▶ **Input**:
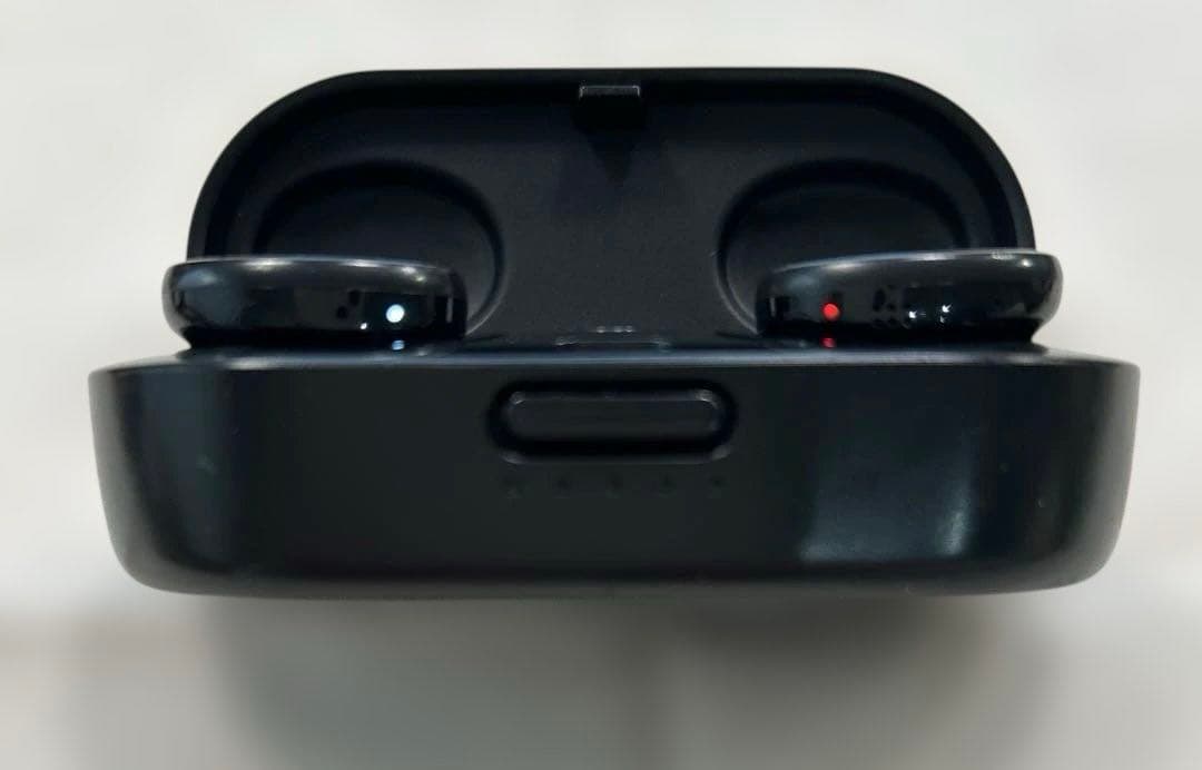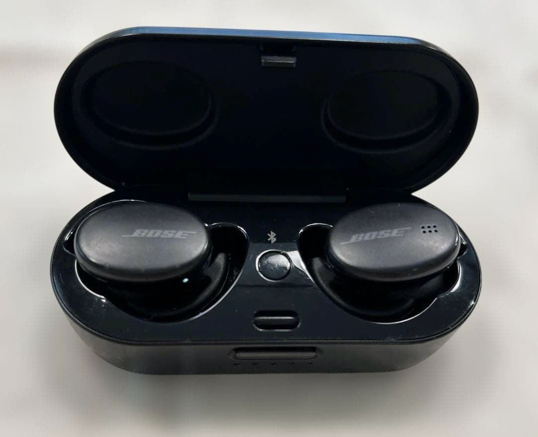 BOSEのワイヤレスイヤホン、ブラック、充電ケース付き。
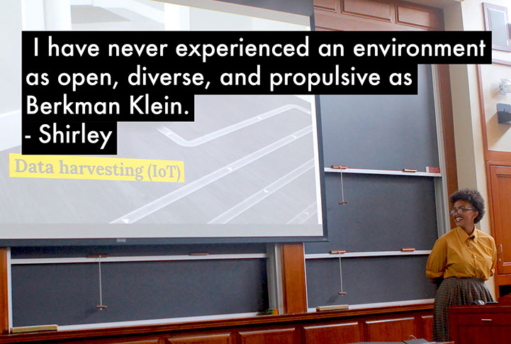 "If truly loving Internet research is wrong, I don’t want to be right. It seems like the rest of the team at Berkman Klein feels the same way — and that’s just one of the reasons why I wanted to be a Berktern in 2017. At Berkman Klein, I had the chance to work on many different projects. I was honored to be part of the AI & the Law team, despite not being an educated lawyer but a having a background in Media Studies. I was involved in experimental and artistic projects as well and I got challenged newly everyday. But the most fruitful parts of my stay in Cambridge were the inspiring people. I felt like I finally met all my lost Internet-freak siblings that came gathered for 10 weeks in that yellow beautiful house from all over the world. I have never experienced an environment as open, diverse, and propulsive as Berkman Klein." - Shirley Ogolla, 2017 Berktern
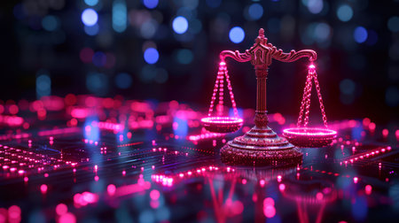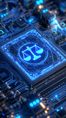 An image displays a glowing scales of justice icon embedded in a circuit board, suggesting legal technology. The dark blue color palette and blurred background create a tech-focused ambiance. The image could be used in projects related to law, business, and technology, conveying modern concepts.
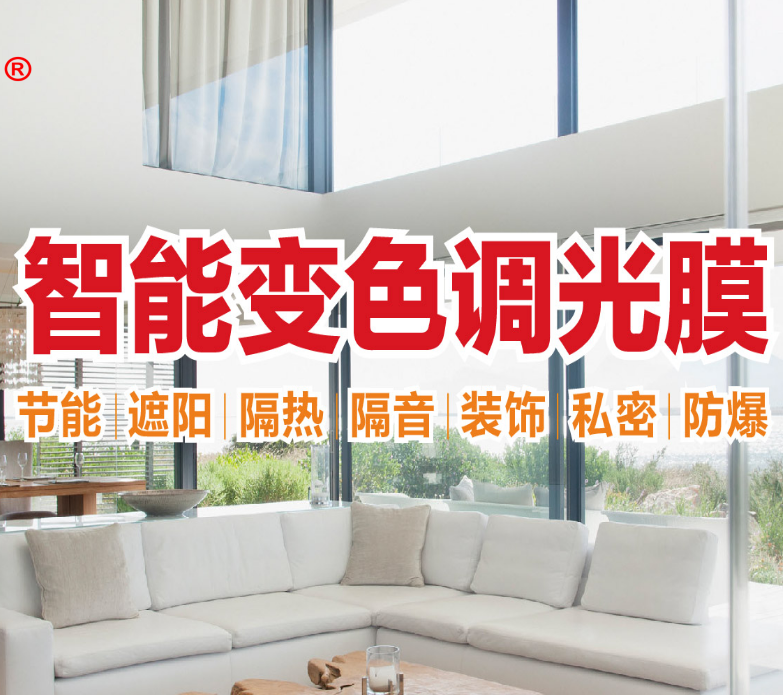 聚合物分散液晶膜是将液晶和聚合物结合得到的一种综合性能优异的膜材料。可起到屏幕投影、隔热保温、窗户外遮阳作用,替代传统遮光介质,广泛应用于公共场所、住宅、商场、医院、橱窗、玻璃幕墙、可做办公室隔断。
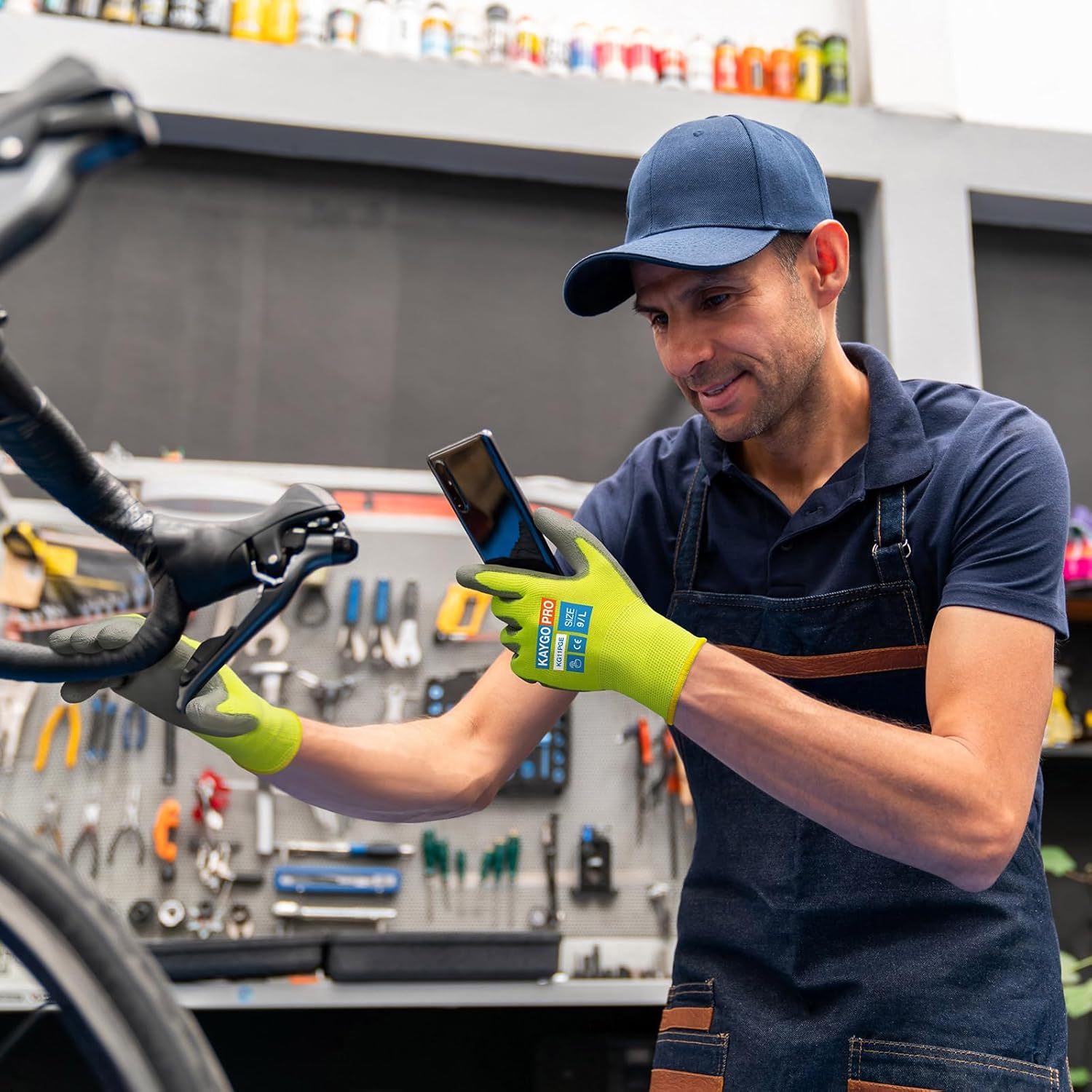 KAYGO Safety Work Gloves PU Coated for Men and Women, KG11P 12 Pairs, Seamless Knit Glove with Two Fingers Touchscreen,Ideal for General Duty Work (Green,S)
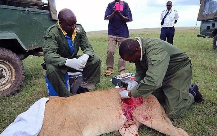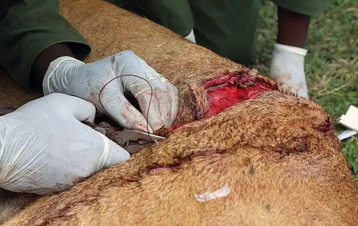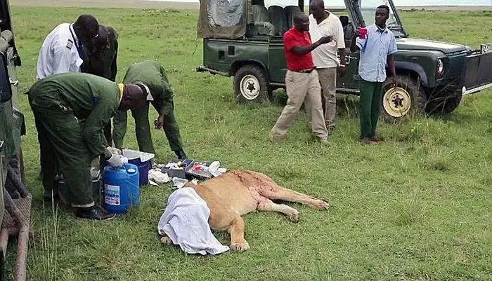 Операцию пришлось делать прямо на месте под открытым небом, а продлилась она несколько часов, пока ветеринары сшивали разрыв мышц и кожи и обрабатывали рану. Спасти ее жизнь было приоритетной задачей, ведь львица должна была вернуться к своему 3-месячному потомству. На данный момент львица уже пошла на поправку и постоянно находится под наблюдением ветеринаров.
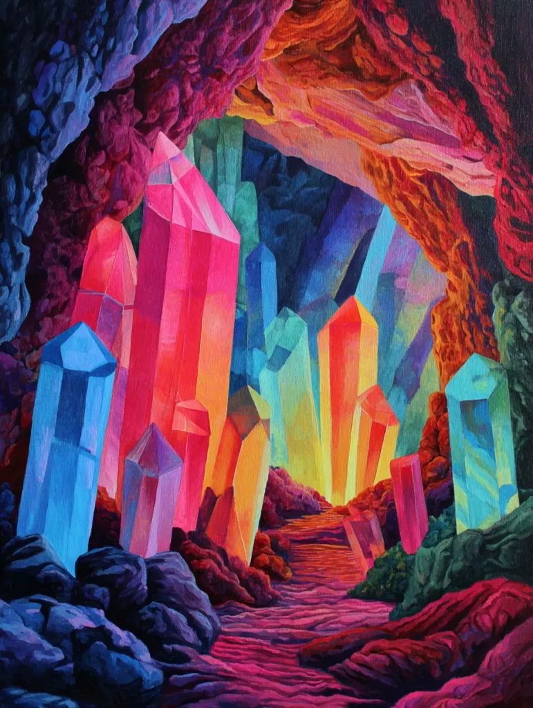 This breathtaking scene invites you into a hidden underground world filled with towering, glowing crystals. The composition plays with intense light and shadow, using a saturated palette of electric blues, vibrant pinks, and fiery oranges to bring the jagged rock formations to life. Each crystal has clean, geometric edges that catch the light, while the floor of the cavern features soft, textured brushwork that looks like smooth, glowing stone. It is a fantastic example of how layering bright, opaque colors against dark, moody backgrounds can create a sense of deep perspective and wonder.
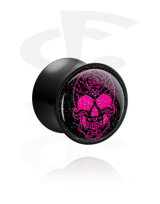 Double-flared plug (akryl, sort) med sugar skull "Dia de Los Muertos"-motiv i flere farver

▶ **About this exercise**:
Only the pictures are to be left out; everything else in the entries above must be duplicated exactly.

▶ **Task response**:
 BOSEのワイヤレスイヤホン、ブラック、充電ケース付き。
 "If truly loving Internet research is wrong, I don’t want to be right. It seems like the rest of the team at Berkman Klein feels the same way — and that’s just one of the reasons why I wanted to be a Berktern in 2017. At Berkman Klein, I had the chance to work on many different projects. I was honored to be part of the AI & the Law team, despite not being an educated lawyer but a having a background in Media Studies. I was involved in experimental and artistic projects as well and I got challenged newly everyday. But the most fruitful parts of my stay in Cambridge were the inspiring people. I felt like I finally met all my lost Internet-freak siblings that came gathered for 10 weeks in that yellow beautiful house from all over the world. I have never experienced an environment as open, diverse, and propulsive as Berkman Klein." - Shirley Ogolla, 2017 Berktern
 An image displays a glowing scales of justice icon embedded in a circuit board, suggesting legal technology. The dark blue color palette and blurred background create a tech-focused ambiance. The image could be used in projects related to law, business, and technology, conveying modern concepts.
 聚合物分散液晶膜是将液晶和聚合物结合得到的一种综合性能优异的膜材料。可起到屏幕投影、隔热保温、窗户外遮阳作用,替代传统遮光介质,广泛应用于公共场所、住宅、商场、医院、橱窗、玻璃幕墙、可做办公室隔断。
 KAYGO Safety Work Gloves PU Coated for Men and Women, KG11P 12 Pairs, Seamless Knit Glove with Two Fingers Touchscreen,Ideal for General Duty Work (Green,S)
 Операцию пришлось делать прямо на месте под открытым небом, а продлилась она несколько часов, пока ветеринары сшивали разрыв мышц и кожи и обрабатывали рану. Спасти ее жизнь было приоритетной задачей, ведь львица должна была вернуться к своему 3-месячному потомству. На данный момент львица уже пошла на поправку и постоянно находится под наблюдением ветеринаров.
 This breathtaking scene invites you into a hidden underground world filled with towering, glowing crystals. The composition plays with intense light and shadow, using a saturated palette of electric blues, vibrant pinks, and fiery oranges to bring the jagged rock formations to life. Each crystal has clean, geometric edges that catch the light, while the floor of the cavern features soft, textured brushwork that looks like smooth, glowing stone. It is a fantastic example of how layering bright, opaque colors against dark, moody backgrounds can create a sense of deep perspective and wonder.
 Double-flared plug (akryl, sort) med sugar skull "Dia de Los Muertos"-motiv i flere farver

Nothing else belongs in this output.